→ Instructions to follow
What you return must be the full data, repeated verbatim, with no pictures in it.

→ Given information
*** Begin section ***

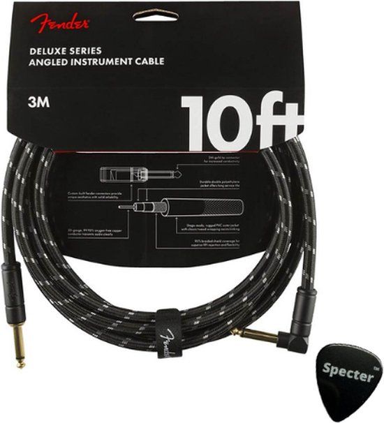 Professionele Fender gitaarkabel 3Meter met Specter plectrum. Met een haakse plug.
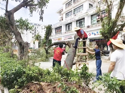 台风“剑鱼”过境三亚后,省直单位迅速组织400多名党员干部抵达三亚,其中150人驰援天涯区。他们携带专业清障工具,赶到回新社区、儋州村社区、羊新社区和友谊路社区等,开展全方位、无死角的清理工作。
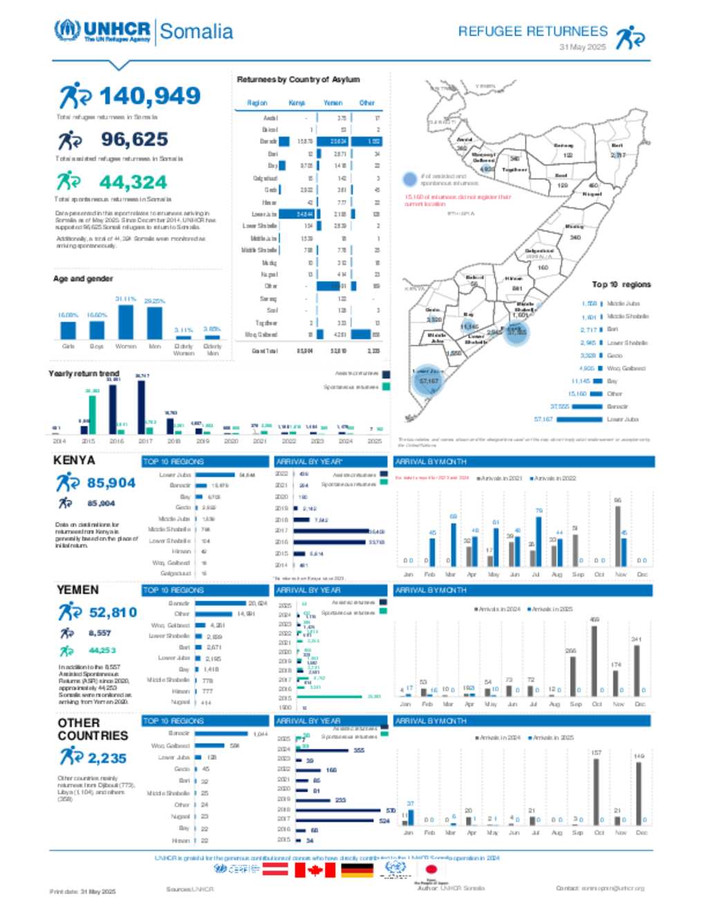UNHCR Somalia Refugee Returnees Dashboard - May 2025
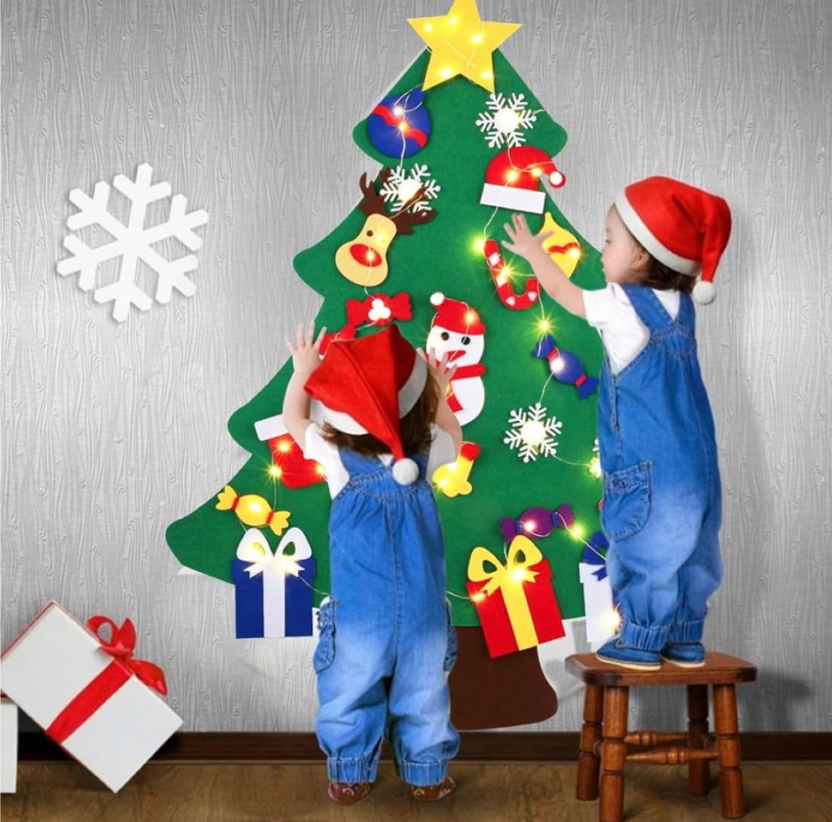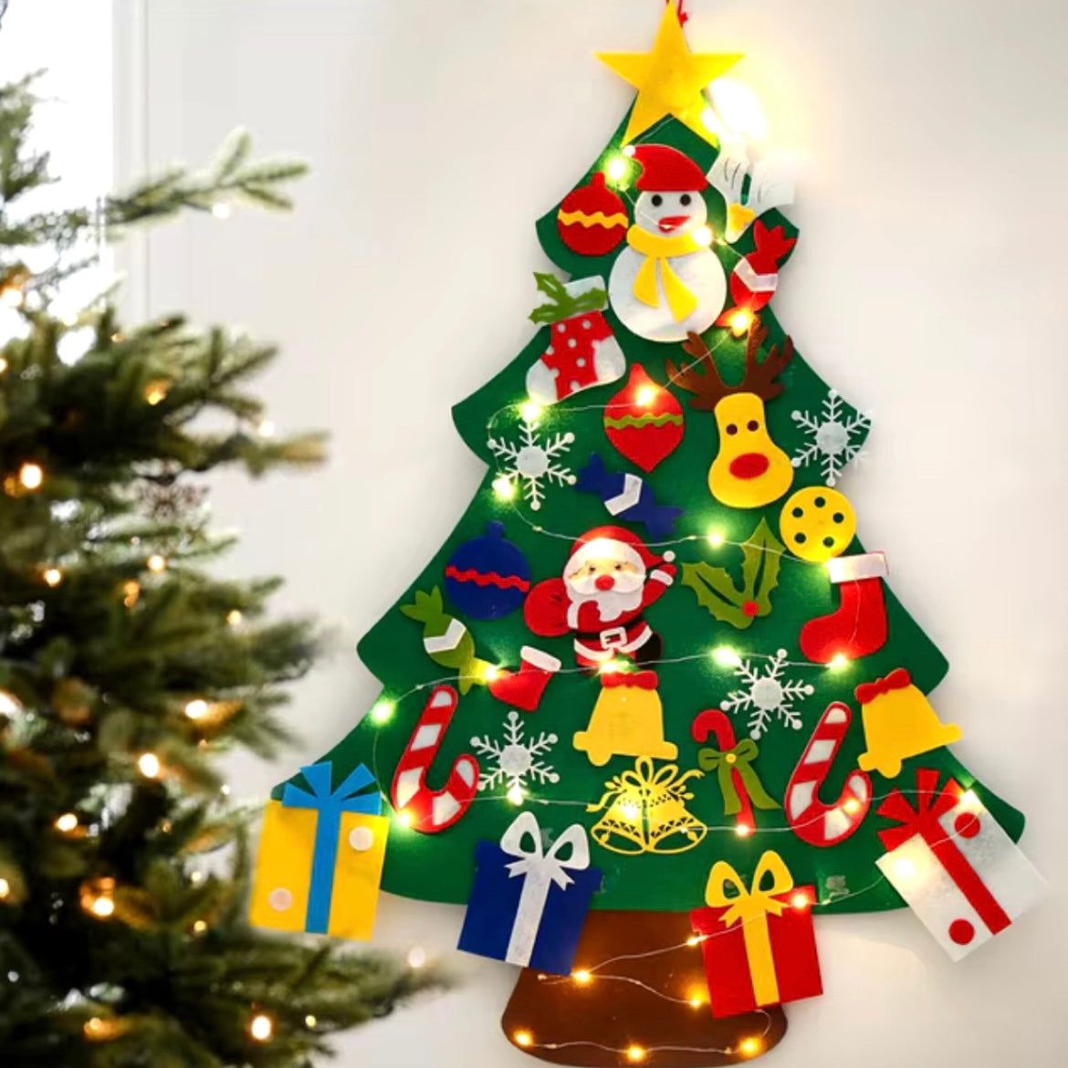 Este árbol de Navidad de fieltro es una forma segura y divertida de decorar con niños. Incluye 25 adornos con velcro para que puedan personalizarlo sin riesgos y sin desorden. Es ligero, se cuelga en la pared y ahorra espacio.

*** End section ***

→ Exercise response
 Professionele Fender gitaarkabel 3Meter met Specter plectrum. Met een haakse plug.
 台风“剑鱼”过境三亚后,省直单位迅速组织400多名党员干部抵达三亚,其中150人驰援天涯区。他们携带专业清障工具,赶到回新社区、儋州村社区、羊新社区和友谊路社区等,开展全方位、无死角的清理工作。
UNHCR Somalia Refugee Returnees Dashboard - May 2025
 Este árbol de Navidad de fieltro es una forma segura y divertida de decorar con niños. Incluye 25 adornos con velcro para que puedan personalizarlo sin riesgos y sin desorden. Es ligero, se cuelga en la pared y ahorra espacio.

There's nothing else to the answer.